From the paddocks and pens to the dinner plate

By Yang Feiyue ( China Daily ) Updated: 2016-06-25 07:40:50

From the paddocks and pens to the dinner plate

A glimpse of a cattle and cow sales yard in Ballarat. [Photo by Yang Feiyue/ China Daily]

The country provides a wide range of high-quality red meat, such as grass-fed beef, grain-fed beef, organic beef and breed-specific products such as Wagyu and Angus, gourmet lamb, nutritious mutton and wild goat.

Egstrein collects transaction data that will help buyers and producers keep a tab on prices and let them know when the time is ripe to make certain moves in the market.

Behind the scenes a lot is done to ensure the integrity of the red-meat industry, one of local pillar economies.

"They start weighing cattle at four o'clock in the morning and finish at eight," Egstrein says.

Cattle are usually put on a fast 10 hours before they are weighed so they are not carrying too much water or feed.

It takes a few hours to make other arrangements such as putting the data related to the cattle on the information board of the pen where the cattle are sent so potential buyers can easily appraise what it is that is being offered to them.

When cattle are born an electronic tag is attached to one of their ears so diseases, provenance, the name of owners and transactions can be tracked, Egstrein says.

About 500 full-blooded cattle roam around a paddock that belongs to Nick Sher at Ballan, 35 kilometers from Ballarat. The farm covers 280 hectares and the green grass is in such good trim that the property could easily be mistaken for a golf course. Sher and his wife Vicki run the farm with the help of their son Jack.

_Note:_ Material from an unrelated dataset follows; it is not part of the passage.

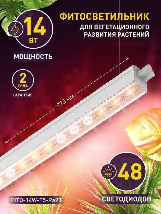 Светильник светодиодный для растений полного спектра FITO-14W-T5-Ra90 (30) | Б0049312 ЭРА
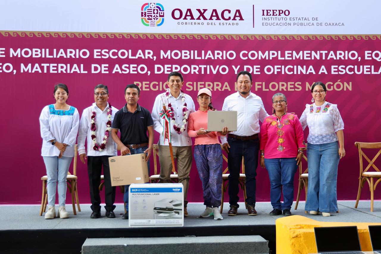 En este significativo evento realizado en San Juan Bautista Cuicatlán, anunció que a través del Instituto Estatal de Educación Pública de Oaxaca (IEEPO) se dará de manera directa este equipamiento, que beneficia a 4 mil 89 estudiantes.

Some of their main responsibilities are animal care, preparing cattle for artificial insemination, farm maintenance work, moving hay and analyzing meat data.

Collecting hay is a demanding part of the work, says Nick Sher, adding that it is all the more crucial when grass will not grow well because of inadequate rainfall at certain times of the year. Right breeding is also a decisive factor in ensuring the cattle quality.

Cattle producers can get data on their cows once they are killed. Since full-blooded cattle can be traced back to their parents, the data on their offspring can help the Shers find out the best bull for breeding and take their semen in advance for future artificial insemination.

Reaching a decision can take several years because a lot of offspring data are needed to ensure consistency.